Owner Tiffany Fixter began the popular venue six years ago at another location, but when the opportunity to purchase this building on South Broadway came up three years ago, it meant expansion and stability were within reach. Fixter credits the support of her parents, and her mother in particular.
“My parents have been extremely supportive, so my mom actually sold her dream business for me.”
Cinnamon's Bakery in Estes Park was her mother’s dream business.
“I'm just grateful that they were able to support my dream, and help us purchase the building so that we have, we have a forever home now. You know, we started in northeast Denver and Montbello and a garage in the middle of nowhere. It was really hard to find, and it really wasn't very accessible,” Fixter said. “It was the only place we could afford to start. And then we had Pizzability in Cherry Creek, but I was leasing both places and we lost the leases. And so, if we hadn't purchased this building … we would've been displaced again. So I think it was just really meant to be.”
The new location allowed Fixter to serve the people around her: It’s down the street from both Craig Hospital, with a leading brain injury and spinal cord treatment center, as well as the Colorado Center for the Blind. Fixter said her dream started as a special ed teacher. When she realized that many people with disabilities couldn’t find employment when they turn 21, she decided to help.
“I couldn't go back to teaching, knowing that they're gonna grow up and just be stuck.
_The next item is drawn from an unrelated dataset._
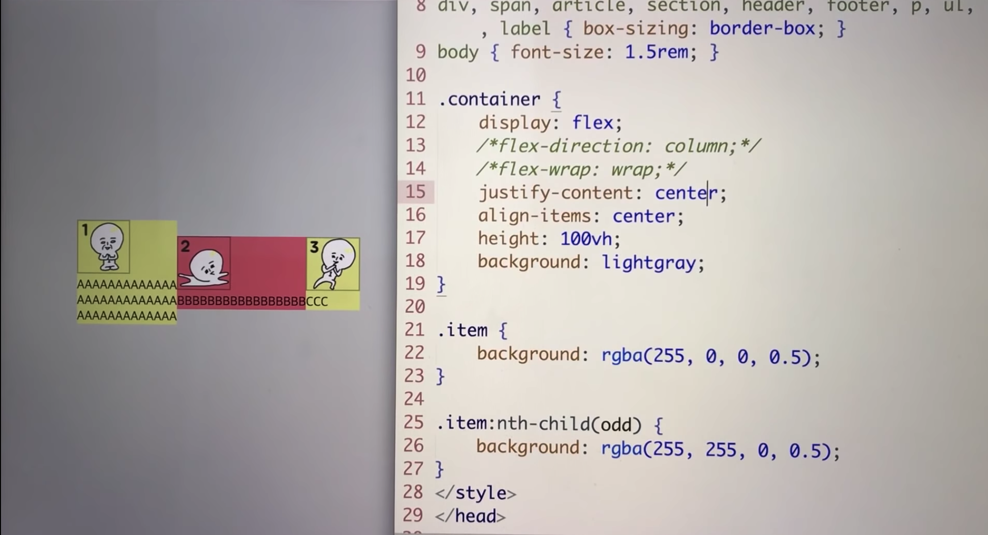 flex는 박스 부모에 적용하는 것 - 안에 있는 아이템들에게 적용됨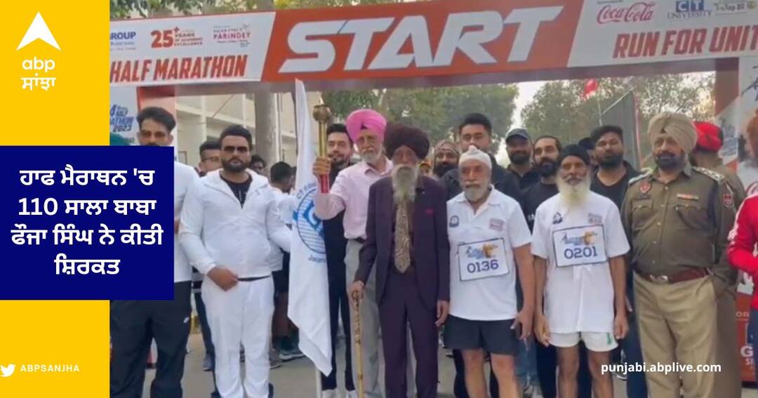 Jalandhar News: ਸੀਟੀ ਇੰਸਟੀਚਿਊਟ ਵੱਲੋਂ ਅੱਜ ਜਲੰਧਰ ਵਿੱਚ 14ਵੀਂ ਹਾਫ ਮੈਰਾਥਨ ਕਰਵਾਈ ਹੈ। ਇਸ ਵਿੱਚ ਬਜ਼ੁਰਗਾਂ ਤੋਂ ਲੈ ਕੇ ਬੱਚਿਆਂ ਤੱਕ ਸਾਰਿਆਂ ਨੇ ਸ਼ਮੂਲੀਅਤ ਕੀਤੀ, ਖਾਸ ਗੱਲ ਇਹ ਹੈ ਕਿ ਇਸ ਮੌਕੇ 111 ਸਾਲਾ ਫੌਜਾ ਸਿੰਘ ਮੌਜੂਦ ਸਨ। ਇਹ ਮੈਰਾਥਨ ਸੀਟੀ ਇੰਸਟੀਚਿਊਟ ਦੇ ਸ਼ਾਹਪੁਰ ਕੈਂਪਸ ਤੋਂ ਸ਼ੁਰੂ ਹੋ ਕੇ ਸੀਟੀ ਕੈਂਪਸ ਮਕਸੂਦਾ ਵਿਖੇ ਸਮਾਪਤ ਹੋਈ। ਇਹ ਕਰੀਬ 21 ਕਿਲੋਮੀਟਰ ਦੀ ਮੈਰਾਥਨ ਸੀ। ਇਸ ਦੌਰਾਨ ਪੰਜਾਬੀ ਕਲਾਕਾਰ ਗੁਰਨਾਮ ਭੁੱਲਰ, ਸਰਗੁਣ ਮਹਿਤਾ, ਰਵਨੀਤ ਸਿੰਘ, ਖਾਨ ਸਾਹਬ ਵਰਗੇ ਵੱਡੇ ਕਲਾਕਾਰਾਂ ਨੇ ਪ੍ਰੋਗਰਾਮ ਦਾ ਰੰਗ ਬੰਨ੍ਹਿਆ।

And so I wanted to provide employment for people that really need it,” she said. “Almost everyone on my staff has been deemed unemployable by the state of Colorado. So they were sat down and told they could not work because they need too much help. And that's just, shouldn't be the case.”
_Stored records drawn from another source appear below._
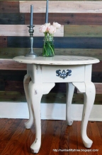 Number Fifty-Three refreshed this vintage end table with GF Linen Milk Paint and a charming chandelier stencil in Driftwood.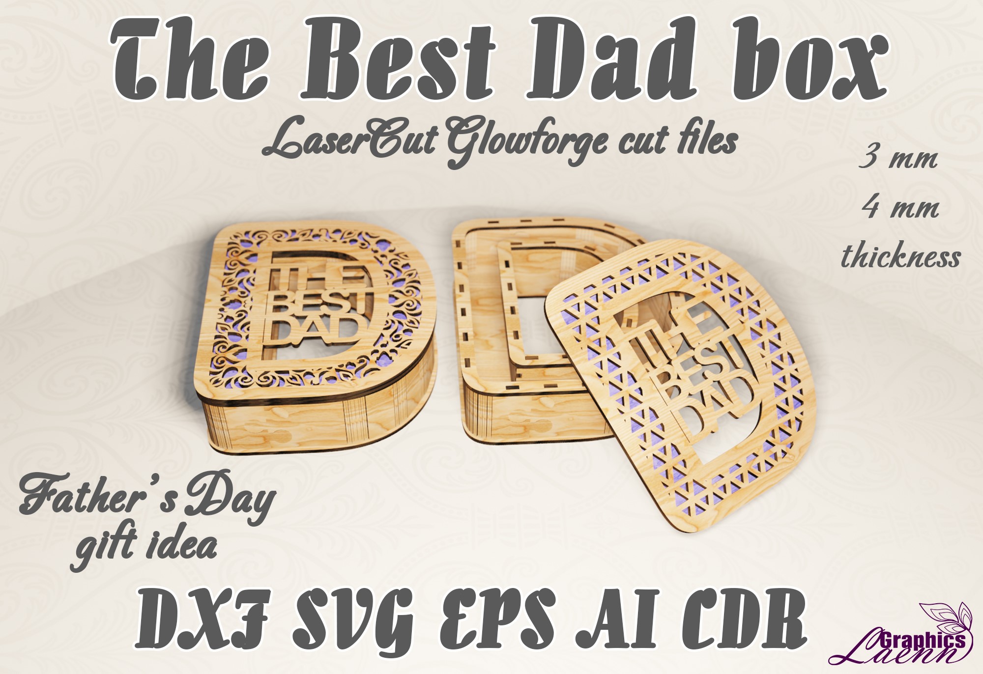 Подарочная шкатулка для папы, макет для лазерной резки, под 3 и 4 мм толщину материала. Это векторный макет для лазерного или фрезерного резака.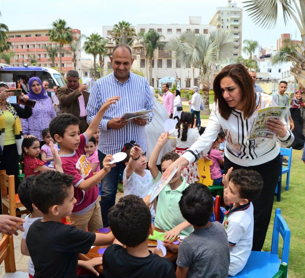كما تفقدت سيارة التبرع بالدم وأنشطة المكتبة المتنقلة و متابعة تنفيذ أنشطة وورش العمل والتلوين والرسم للاطفال للتوعية بأضرار ومخاطر التدخين وقامت بتوزيع الهدايا التذكارية عليهم تشجيعا لهم.

As more people venture out for fun and entertainment as the pandemic eases, Fixter continues to enhance the inclusive experience at Brewability by adding a new vibrating dance floor.
“It's bone conduction technology. So it goes straight through your bones, kind of works like hearing aids,” Fixter said. “So what they used to have are these packs that you can wear, but this way everyone can experience it, whether they're deaf, hard of hearing, or if they just need that extra sensory input. It's been really cool to watch kids that have never experienced music before feel it for the first time. It's amazing.”
Brewability created the floor with a Colorado company called Feel The Beat. It was installed through the basement into the joists of the floor with six different transducers underneath.
“It's actually the same technology that is in the Star Wars exhibit at Disney,” Fixter said. “It just adds an extra element. We wanna make sure that everyone can access everything that we do. And music is such a large part of our brewery.
All the extra elements that make it a fun spot to visit also give Marci a glimpse of something special for her daughter’s future.
“It's our first time. So it's a little … overwhelming in a good way. Just because you do get to see a different future for your child than you thought of in the past, you know, because we're raising her for an independent life, and we have the skills in place that we're building. But it's exciting to see somewhere that they would actually be able to be really used, you know.”
Fixter said Brewabilty has a message for everyone, including lessons for other restaurateurs.
“You know, just support your local businesses. You've gotta support the people that you believe in, and get out there because it's gonna be tough the next couple years. I know restaurants are struggling to find staff,” she said. “If you own a restaurant and you're listening to this, please consider hiring someone with a disability. They're loyal workers. I have no turnover. I have a waiting list of 300 to work here. So it's an untapped resource, and I really hope that people would consider it.”